The number of rice seedlings that emerged from the water was counted every second day during the experiment till no new emergence was observed. Given that rice seedlings can entangle in algae and float on the surface of the water, only the seedlings that were upright and attached to the soil were considered as true emerging seedlings. The number of floating seedlings was also recorded during the experiment and used for adjusting the true number of seedlings that emerged and were established. All established rice seedlings were harvested in each tub separately at the end of each run, oven-dried at 70 C for 1 wk, and weighed to determine dry biomass.
Data Analysis
Data were tested for assumptions of normality and random distribution of the residuals. The data for mean chlorophyll a concentration and rice seedling emergence biomass were subjected to a log(x) + 1 transformation. ANOVA using PROC GLM in SAS (v. 9.4; SAS Institute, Cary, NC, USA) was initially performed to test the significance of experimental run and algal intensity level on mean chlorophyll a concentration; minimum, maximum, and mean PAR; percent of seedling emergence; and rice seedling biomass data. Comparison of means was performed using the LSMEANS statement of PROC GLM. When the interaction of run by algal intensity levels was significant, we used the SLICE feature of PROC GLM to study the interaction.

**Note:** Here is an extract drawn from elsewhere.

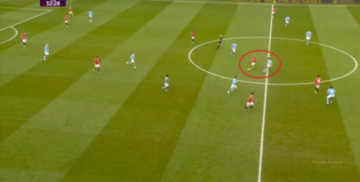 這些地方并沒有隊友給布魯諾制造出空間,大部分都源于曼城在逼搶時出現(xiàn)的脫節(jié),當然也和曼城的逼搶效率不足有關(guān),畢竟這是曼城在新年后的第六場比賽,只是曼聯(lián)的第四場。

Further, a modeling approach was used to describe the relationship between chlorophyll a concentration (as a measure of algal infestation) and PAR (minimum, maximum, and mean), temperature, rice seedling emergence, and rice seedling biomass (g plant−1). All nonlinear regression analysis was performed using the drc package (Ritz et al. Reference Ritz, Baty, Streibig and Gerhard2015) and its drcSeedGerm extension (Onofri et al. Reference Onofri, Benincasa, Mesgaran and Ritz2018) in RStudio (v. 1.2.1335; R Studio Team 2018).
The relationship between chlorophyll a and PAR (minimum, maximum, and mean) was described using a logarithmic function:
$$y = a + ln(x)b$$
where y is the PAR inside the water relative to the ambient PAR, x is the mean chlorophyll a concentration, and a and b are the intercept and slope of the model, respectively.
To determine whether there were any changes in the water temperature under algal infestation, hourly temperature data were measured and cumulative growing degree days (GDD) were calculated from the day seeds were broadcast.
The relationship between rice seedling emergence and algal infestation levels (no, medium, and high algal infestation) over time was described using a nonlinear exponential function:
$$y = {{E_\max } \over {1 + \exp \{ - b[\log (t) - \log (t_{50})]\} }}$$
where E max is the maximum emergence, t 50 is time to median emergence (50%), and b is the slope about the inflection point. To obtain the relationship between the rice seedling emergence rate and chlorophyll a concentration, Equation 2 was fit and t 50 was calculated for individual replicates. Further, a linear method was fit to the relationship between t 50 and mean chlorophyll a concentration.
The relationship between chlorophyll a concentration and rice seedling biomass was described by an exponential function (Equation 3):
$$y = q\,[\exp ({{ - \rm mea{n_{{\rm{chl}}a}}} \over c})]$$
where q and c are the model parameters and meanchla is the mean chlorophyll a concentration.
Results and Discussion
The addition of different amounts of fertilizers promotes algal growth to different levels (i.e., low, medium, and high). There were significant interactions between run and algal intensity levels for chlorophyll a concentration; minimum, maximum, and mean PAR; rice seedling emergence percentage; and rice seedling biomass (Table 1). Therefore, comparisons of means were done separately for each run (Table 2).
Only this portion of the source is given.